# BBS Madras refinishing



## Golfwa78 (Jul 4, 2008)

*got lucky and found these 17" BBS Madras on Craigslist a couple weeks ago. was going to strip them/repaint myself, but decided to just take them to get bead blasted instead. here are some pics of before blasted, will update with progress when i get them back! enjoy*


----------



## Golfwa78 (Jul 4, 2008)

ordered four of these from ECStuning today.. stock ones were fouled to sh1t!


----------



## Golfwa78 (Jul 4, 2008)

got them back from sand-blasting....


























and where they are going...


----------



## Golfwa78 (Jul 4, 2008)

ECS sent the wrong size caps...BUT they are making it right










base coat of primer..










a few curb scrapes...










some metal bondo work to smooth them out..


----------



## Golfwa78 (Jul 4, 2008)




----------



## Golfwa78 (Jul 4, 2008)

so i've gotten alot of protest about the solid color. i am thinking about stripping the lip and going with a silver/polished look... any thoughts?


----------



## stroker216 (Jul 18, 2011)

Golfwa78 said:


> so i've gotten alot of protest about the solid color. i am thinking about stripping the lip and going with a silver/polished look... any thoughts?

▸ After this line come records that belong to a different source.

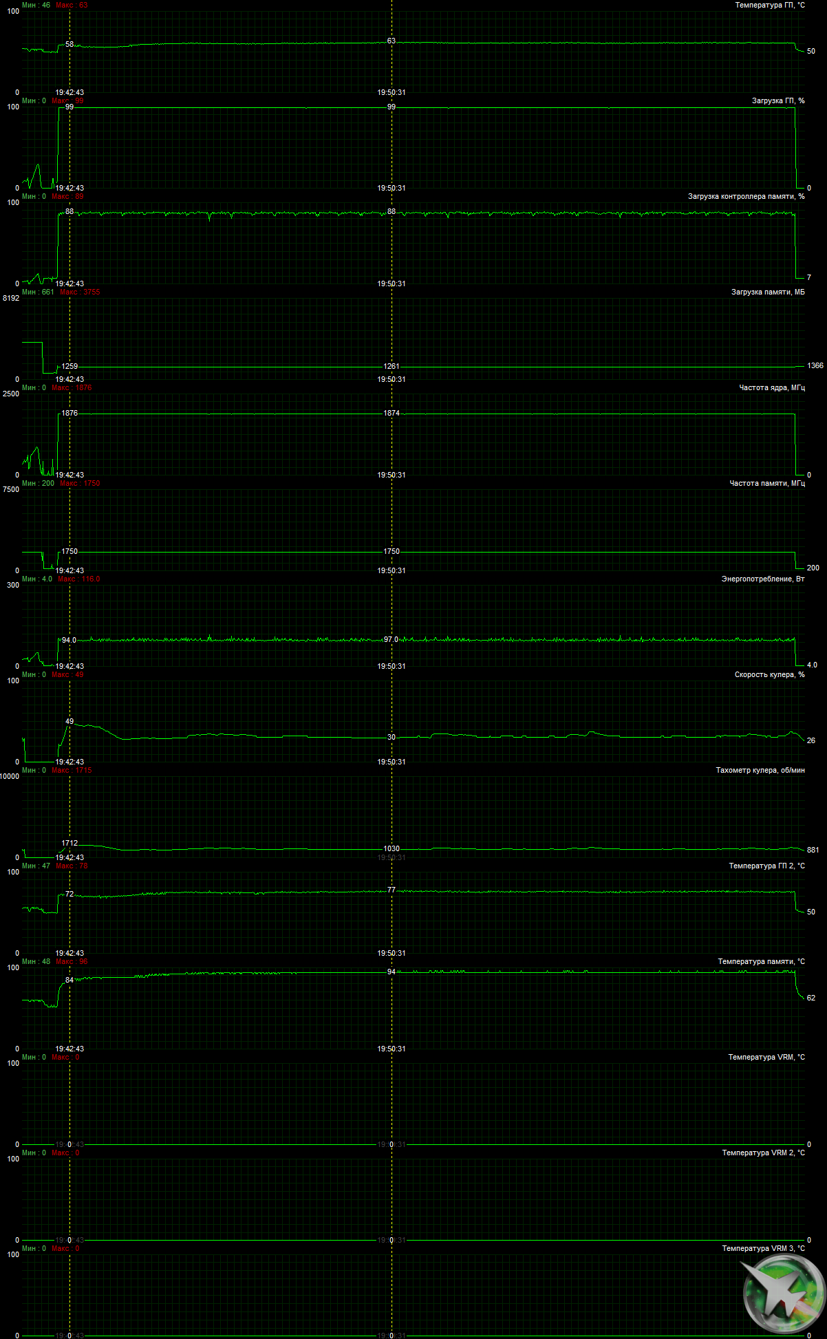 После 6-часового прогона под нагрузкой максимальная температура ядра не превысила 63 градусов, что является отличным результатом для видеокарты такого уровня.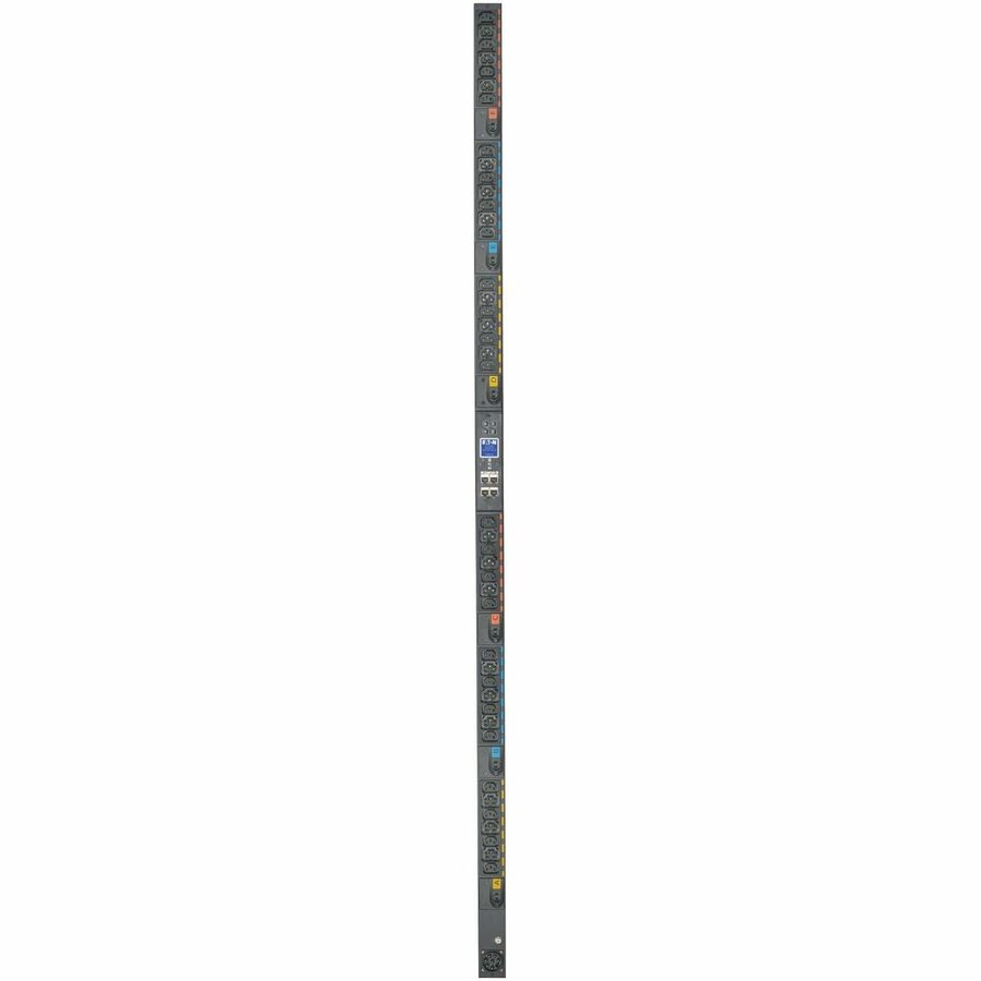 All outlets provide metering and monitoring for granular power data and precision control of power delivery. The outlets are evenly distributed into six color-coded load banks, each with its own circuit breaker, to improve load balancing and organize connections in a crowded rack.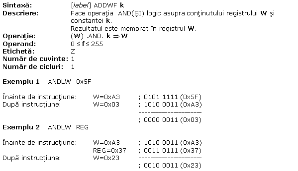 A.11 ANDLW W AND(SI) logic cu o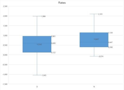 L’intérêt de la boite à moustache est de pouvoir comparer deux populations, ici deux types de mesures, par exemple de jour (Day) et de nuit (Night):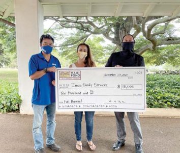 Mahi Pono donated $10,000 to Imua Family Services on Nov. 23, according to a news release. The funds were raised from Mahi Pono’s first annual Fall Harvest which included pumpkin sales on Oct. 24 at Yokouchi Family Estate. The drive-thru festival provided the Maui community with a safe, ohana-friendly way to celebrate Mahi Pono’s first fall harvest while supporting Imua Family Services and its community-based programs. Pictured from left to right are Shan Tsutsui, Mahi Pono senior vice president of operations; Tiare Lawrence, Mahi Pono director of community relations; and Dean Wong, Imua Family Services executive director.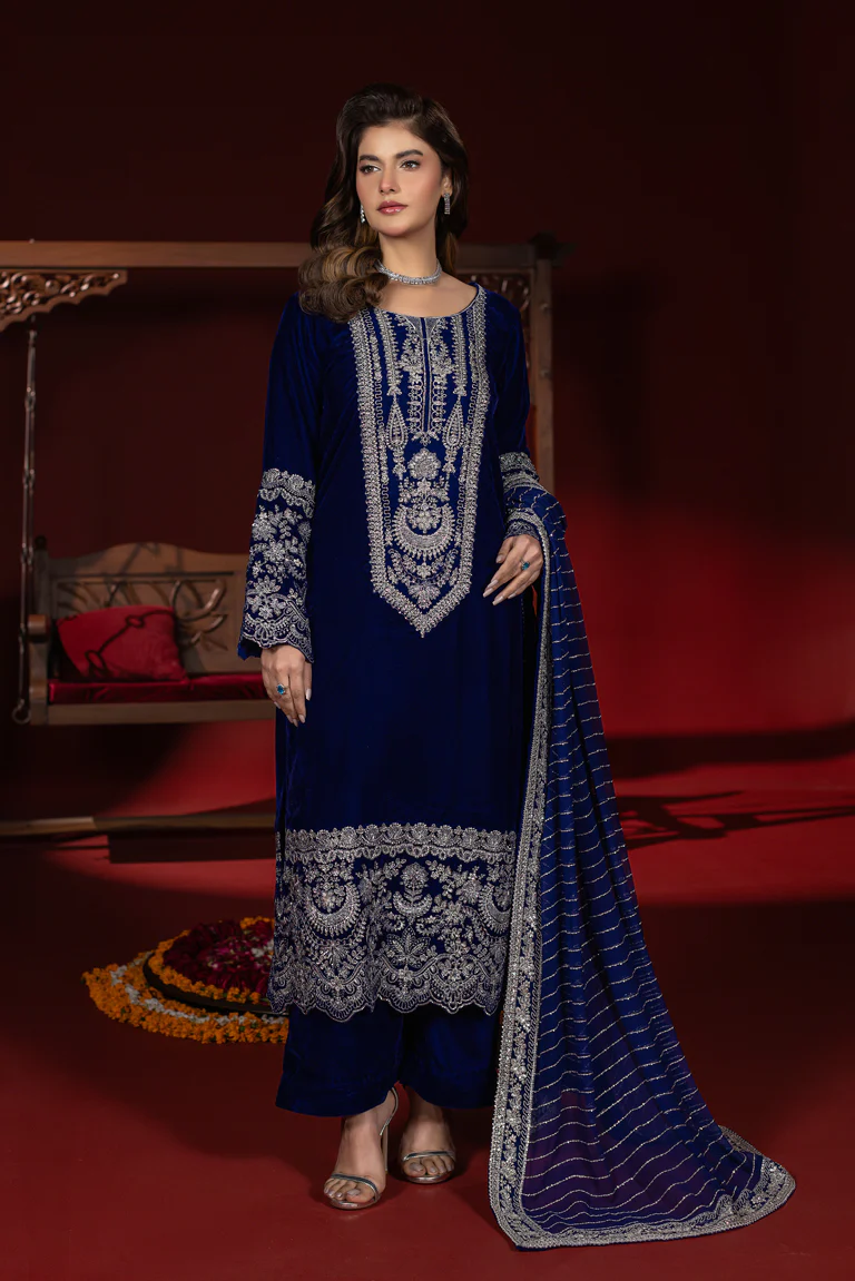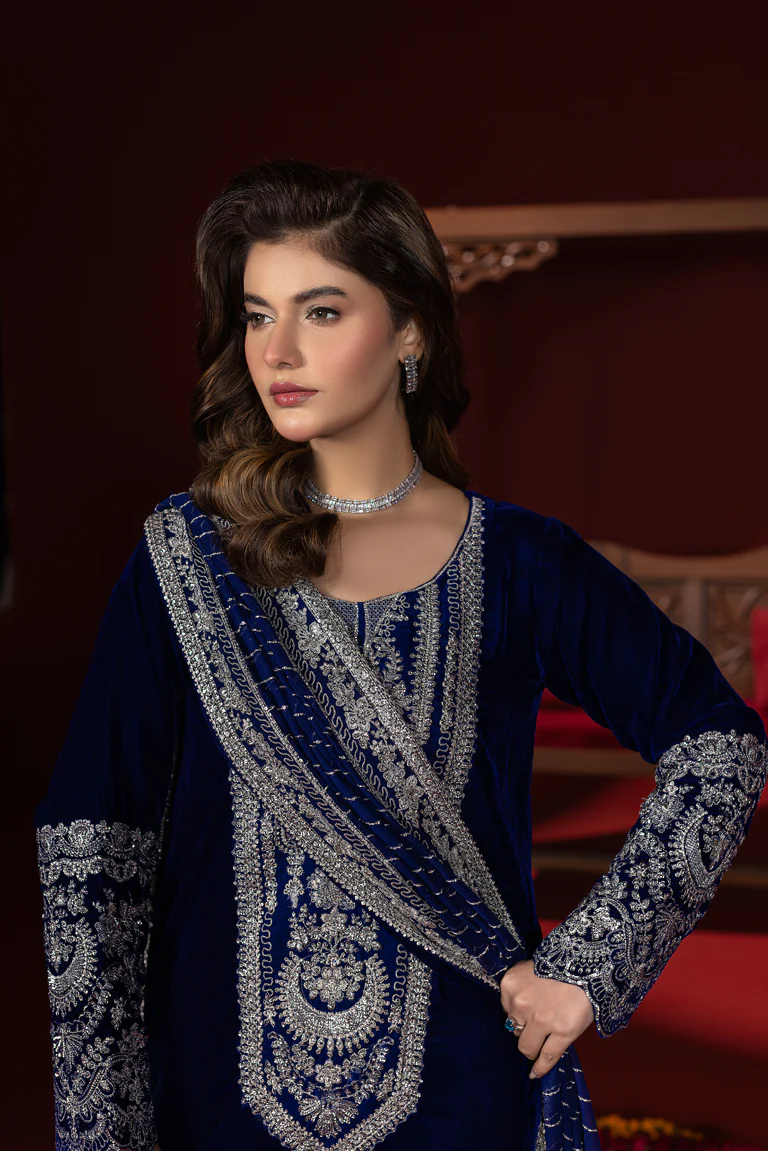 Enter with grace in this deeply detailed royal blue outfit. The long velvet shirt is adorned with an amazing silver threading work in the neckline, front, and sleeves with embroidery. It has straight trousers, which keep the silhouette straight and balanced. The outfit is completed with a soft elegance of an ethereal embroidered chiffon dupatta with delicate borders.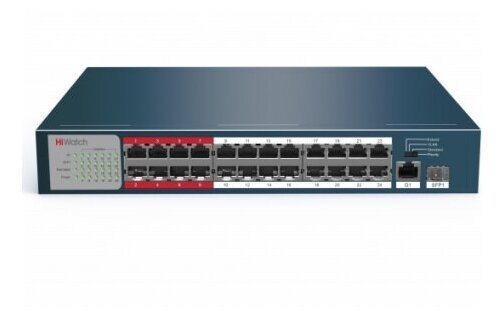 Коммутатор HiWatch DS-S2624P(B) 24x100Mb 1G 1SFP 24PoE+ 230W неуправляемый информация:

 definately split them and polish the lip. looks good though.


----------



## perickomx (Nov 13, 2007)

Nice looking wheels!!


----------



## Golfwa78 (Jul 4, 2008)

mounted up and fit great!


----------



## .:Hinrichs:. (Apr 26, 2010)

still dont understand why you didnt split them to refinish but they do look good


----------



## Golfwa78 (Jul 4, 2008)

.:Hinrichs:. said:


> still dont understand why you didnt split them to refinish but they do look good


 bc ive got 2 kids, a wife in grad school, a 60+hr a week job, two dogs, disabled father in law we help take care of and i guess im just lazy... :screwy:


----------



## Nick W (Feb 28, 2007)

I think polishing that tiny lip would look really tacky? 

Looks great as is.


----------



## syntax (Oct 26, 2010)

agree on the splitting.


----------



## petekrow (Mar 13, 2011)

Golfwa78 said:


> bc ive got 2 kids, a wife in grad school, a 60+hr a week job, two dogs, disabled father in law we help take care of and i guess im just lazy... :screwy:


damn.


----------



## VAN CAN (Jul 4, 2010)

im also refinishing my first set of bbs!


----------



## Golfwa78 (Jul 4, 2008)

VAN CAN said:


> im also refinishing my first set of bbs!


nice!


----------



## 7004 (Apr 8, 2012)

Looks good what paint did you use?


----------